Although Runowicz splits her time between flying off to meetings, administrating the cancer center and doing research, she continues to see patients on a regular basis. Those who have worked alongside her and those whom she has treated praise her for her thorough, caring manner as a practitioner.
"She was very clear about everything," recalls Karen Scotti, a 55-year-old school social worker from Columbia whom Runowicz treated for uterine cancer. "My husband and I felt very comfortable talking to her - she was obviously so skilled and knowledgeable, but very down to earth."
Scotti says Runowicz never actually told her in so many words that she had once been treated for cancer herself, but her advice on one small thing - purchasing a wig - "told me she had been on the other side of the bed."
Runowicz says hers is a difficult specialty "because you're not always successful." Even when patients ask how much time they've got left, "I never give them a time limit," she says.
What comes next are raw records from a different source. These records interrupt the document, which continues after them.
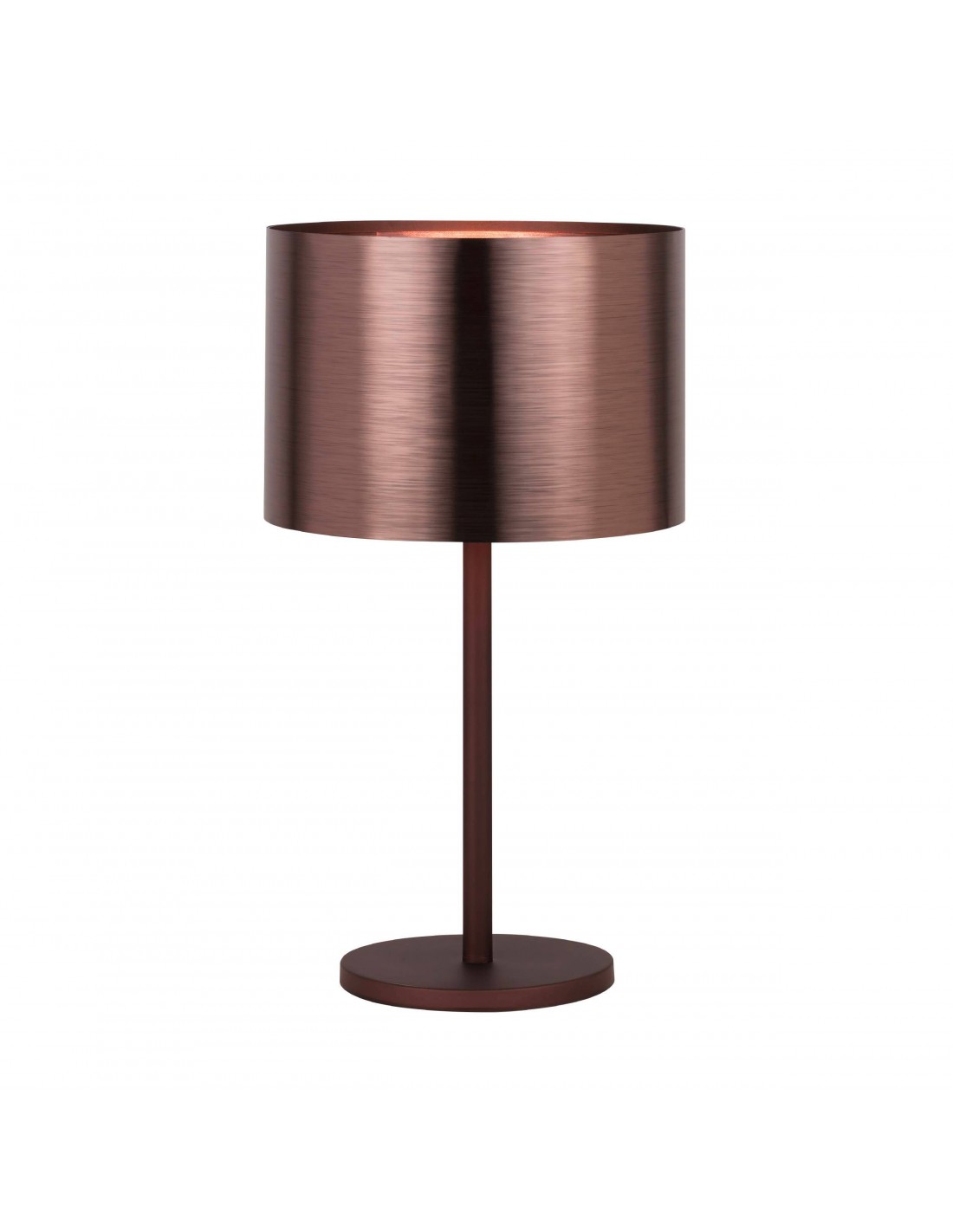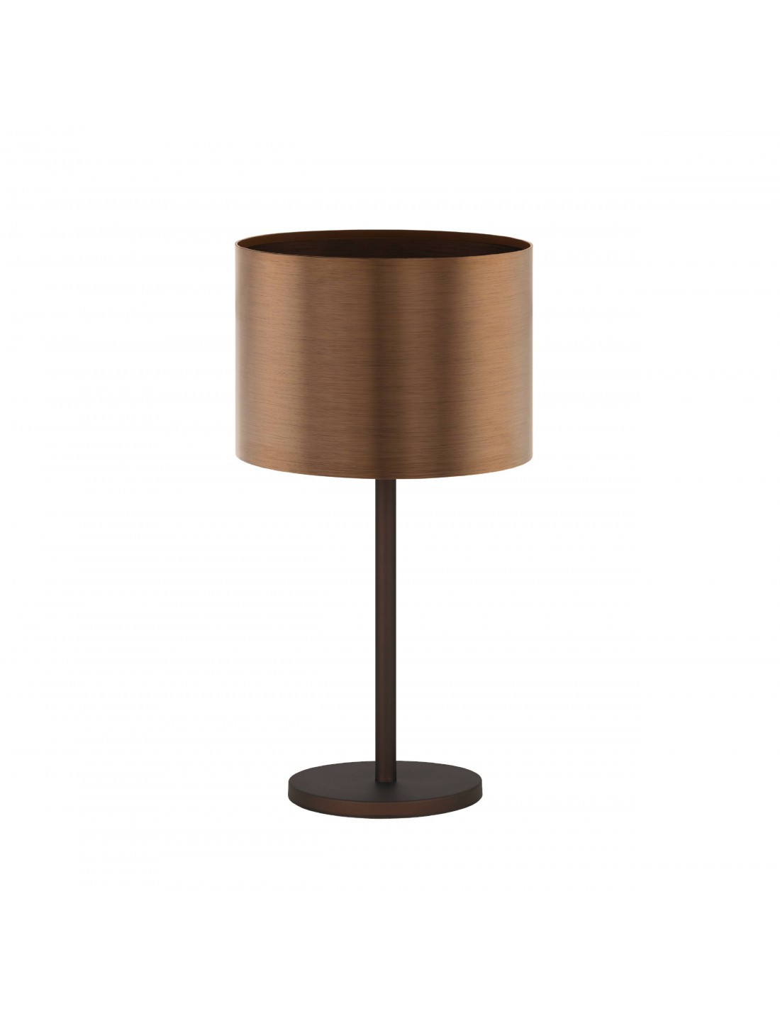 La lampada da tavolo SAGANTO del brand EGLO presenta un profilo semplice e lineare in lamina di metallo satinato con base tonda e diffusore cilindrico in policarbonato finitura marrone e rame.
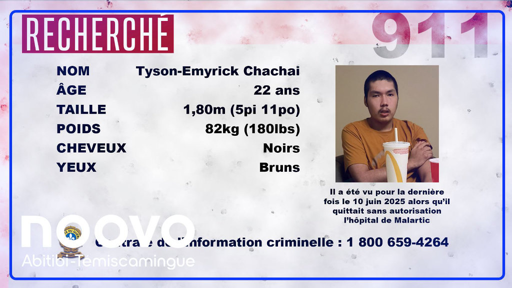Il s’agit de Tyson-Emyrick Chachai, 22 ans, de Lac-Simon.
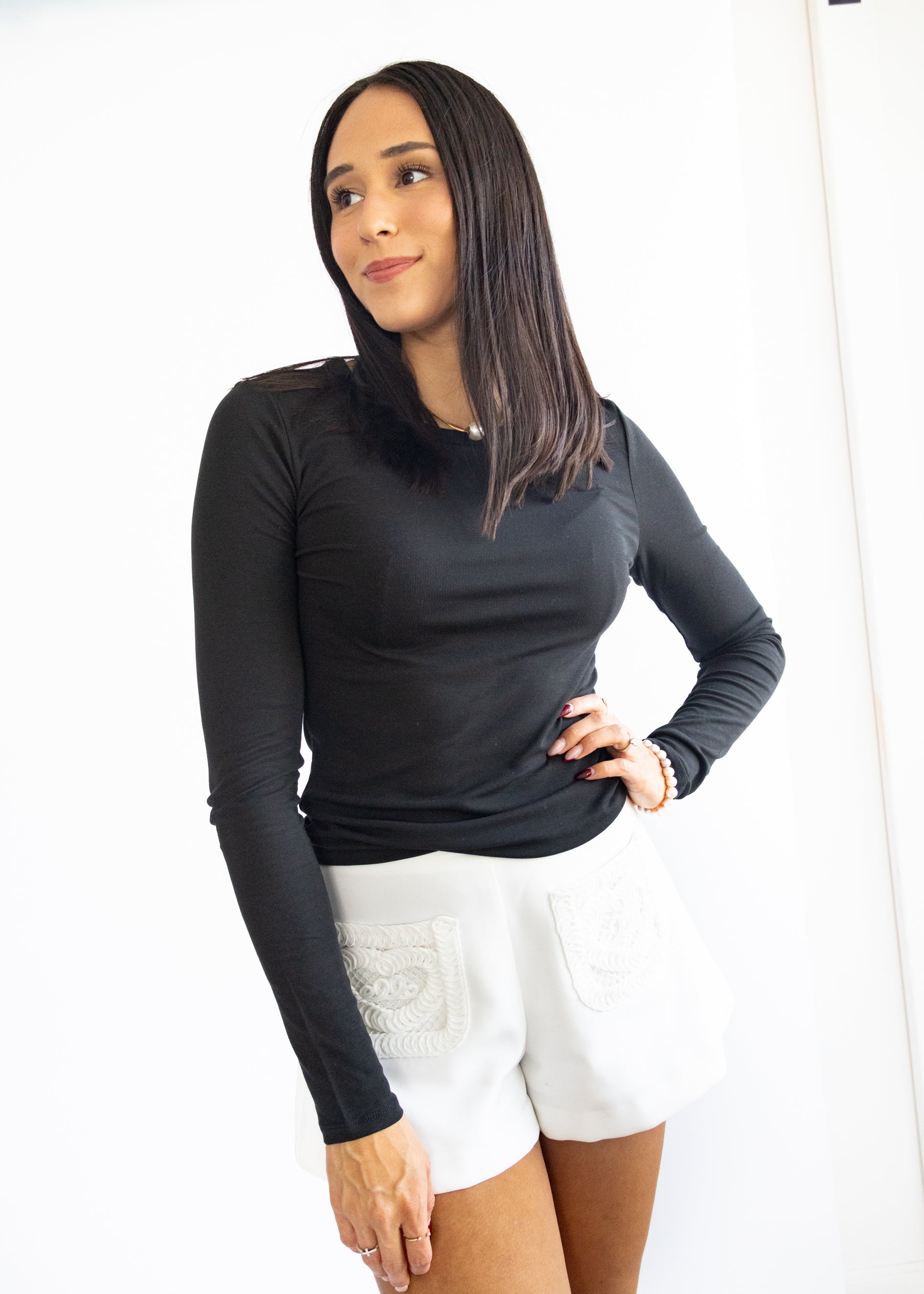 This crew neck top is made from our signature Second Skin Baby Rib with a touch of stretch for a flawless fit. It can be worn tucked or untucked and is easily layered over, making it a year-round go-to.
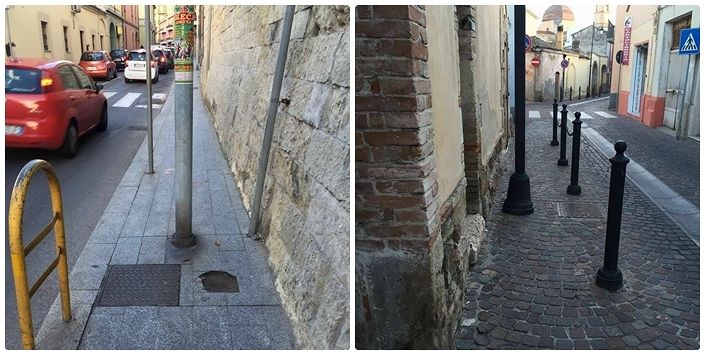 Ancora ostacoli, barriere architettoniche o comunque “elementi che di fatto impediscono il passaggio di carrozzine per disabili o passeggini. Sono gli stessi cittadini di Selargius a segnalare al nostro giornale, una situazione paradossale: le due foto allegate, mostrano l’attuale situazione in via Roma, la strada che dall’incrocio principale conduce poi alla S.S. 554 ma anche in via Dante, la strada dove c’è il comando di Polizia Municipale locale. Ad occhio nudo si intuisce che è difficoltoso far transitare i pedoni in questi “marciapiedi”, figuriamoci poi trasportare un neonato o un portatore di handicap. Un monito per il Comune, che si spera in tempi brevi possa metter fine a questo disagi quotidiani. Continuate a segnalarci con foto e testo quel che accade in città e nell’Area Vasta: 342/0428755 WhatsApp in diretta con il vostro giornale “Dillo a Casteddu”.
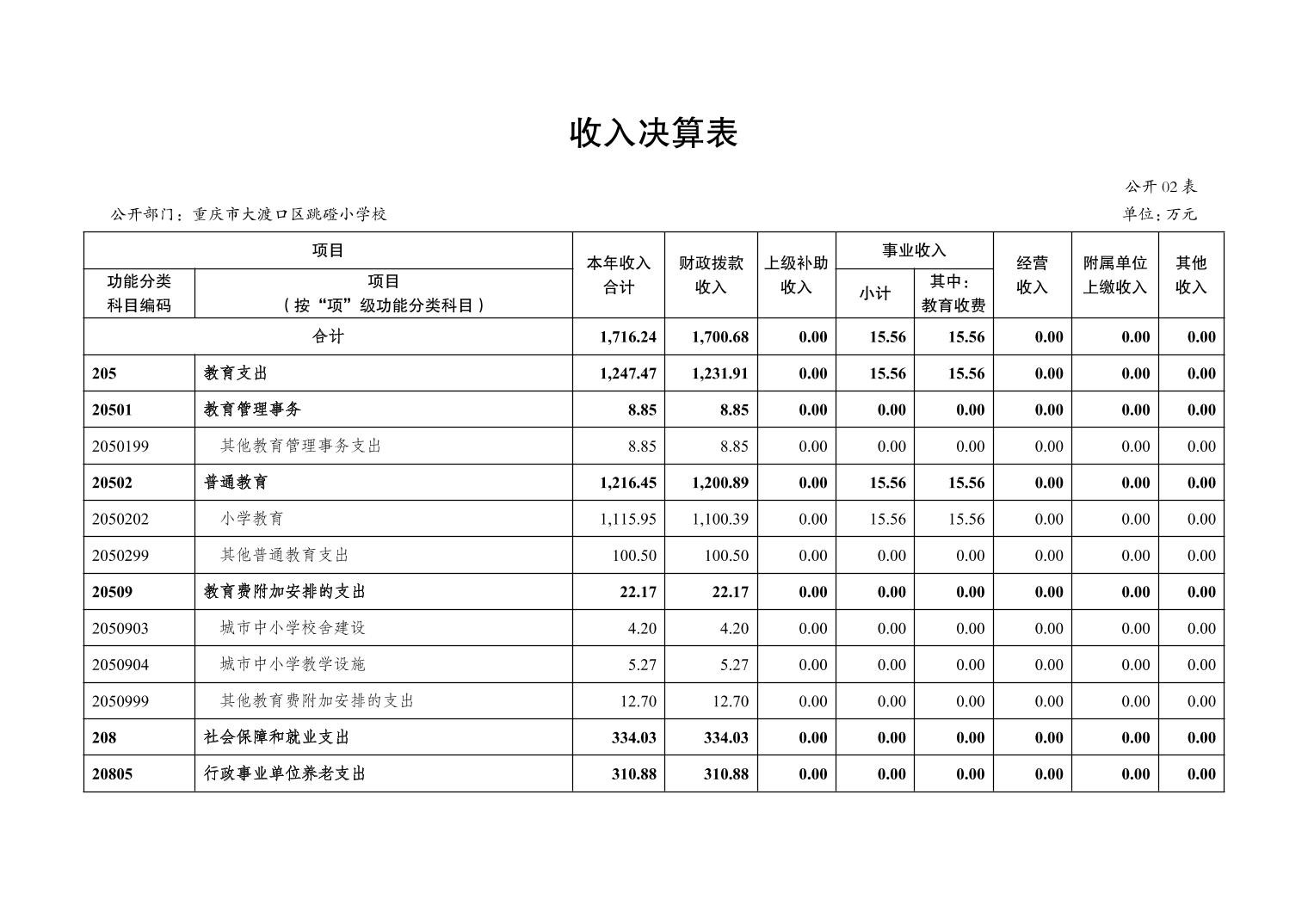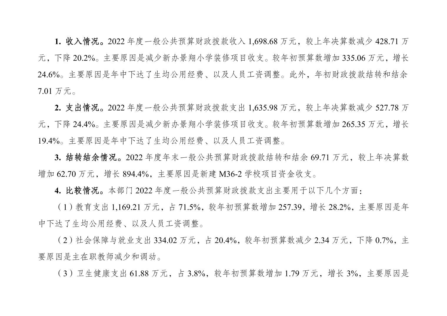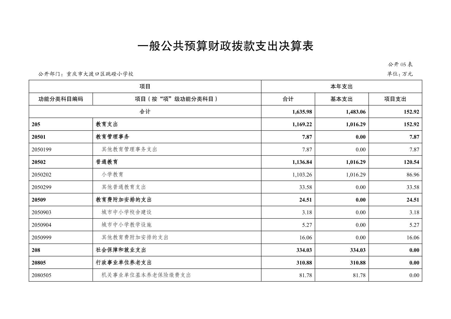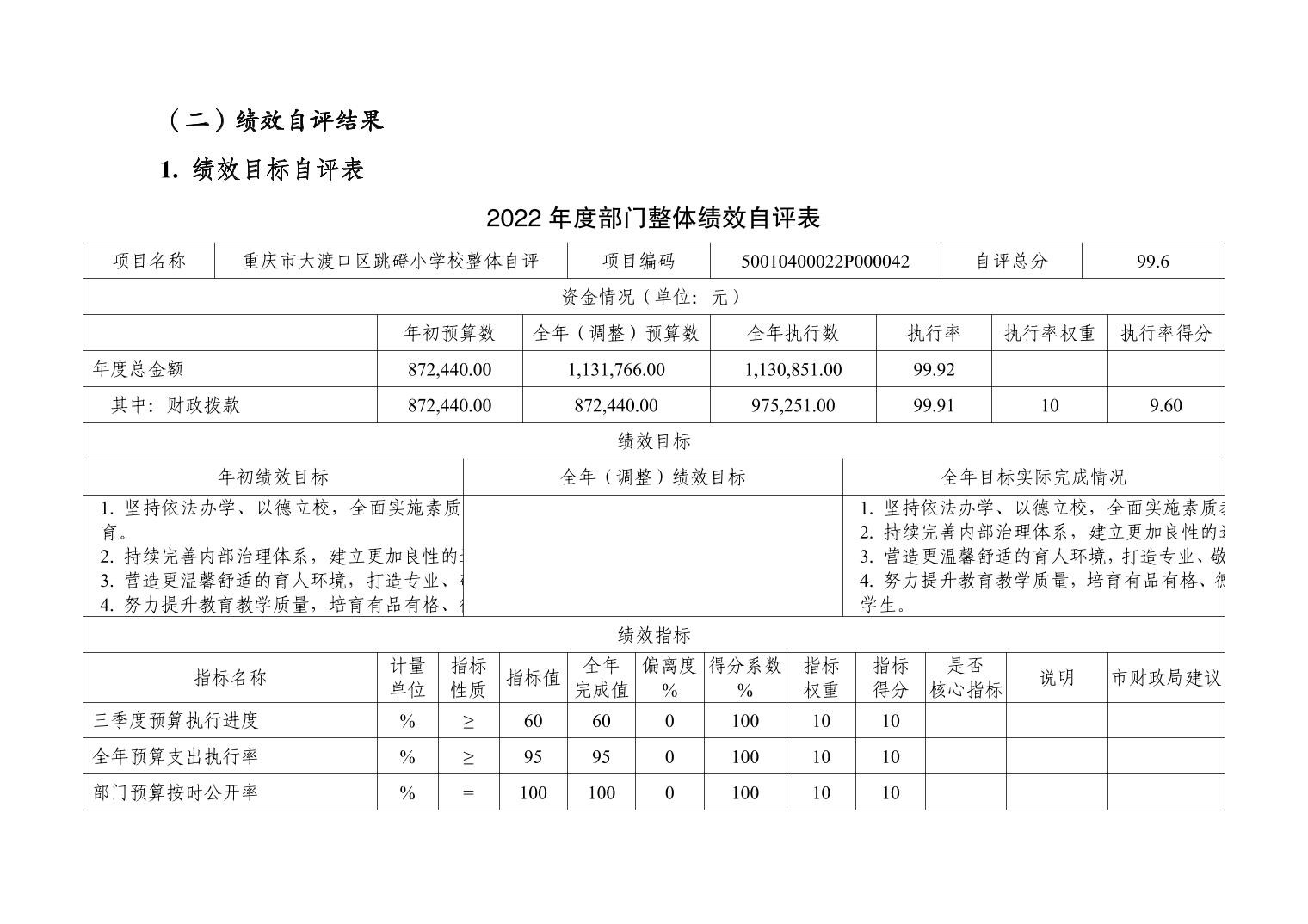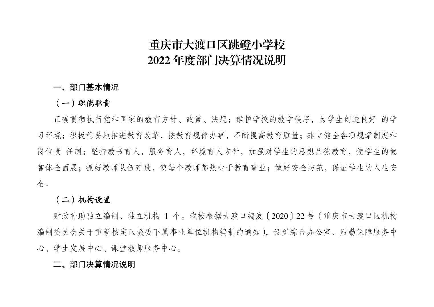 重庆市大渡口区跳磴小学校2022年度部门决算情况说明
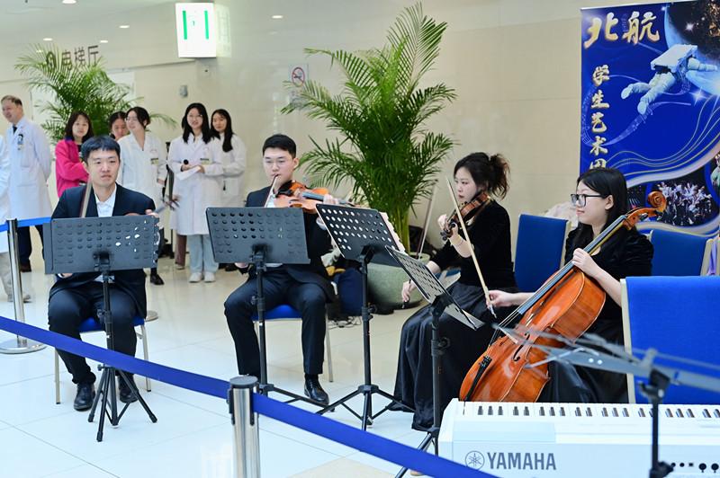 来自北航学生艺术团“福新高赵”“和音雅集”弦乐四重奏团的学生们带来了4首广受大众喜爱的歌曲,既有传统文化的动人呈现,又有西方音乐的经典旋律,《上春山》《梁祝·化蝶》《My heart will go on》《大鱼》……以音乐疗愈患者,以艺术致敬医务工作者,吸引了不少观众驻足聆听。

She learned that lesson many years ago when she was practicing in New York. Every day for weeks, she told the family of a patient in a hospice, "This is the day." Finally, one morning, a family member said "You know, doc, I don't think you know."
She says that sometimes when she's truthful about a patient's chances, people think she's giving up hope. "I tell them I'm not giving up hope, but they do need to know that the person is leaving this earth," she says."
"Carolyn's an excellent physician in what she can bring to a patient," says her husband. "I hope she never gives that up. That's what defines her."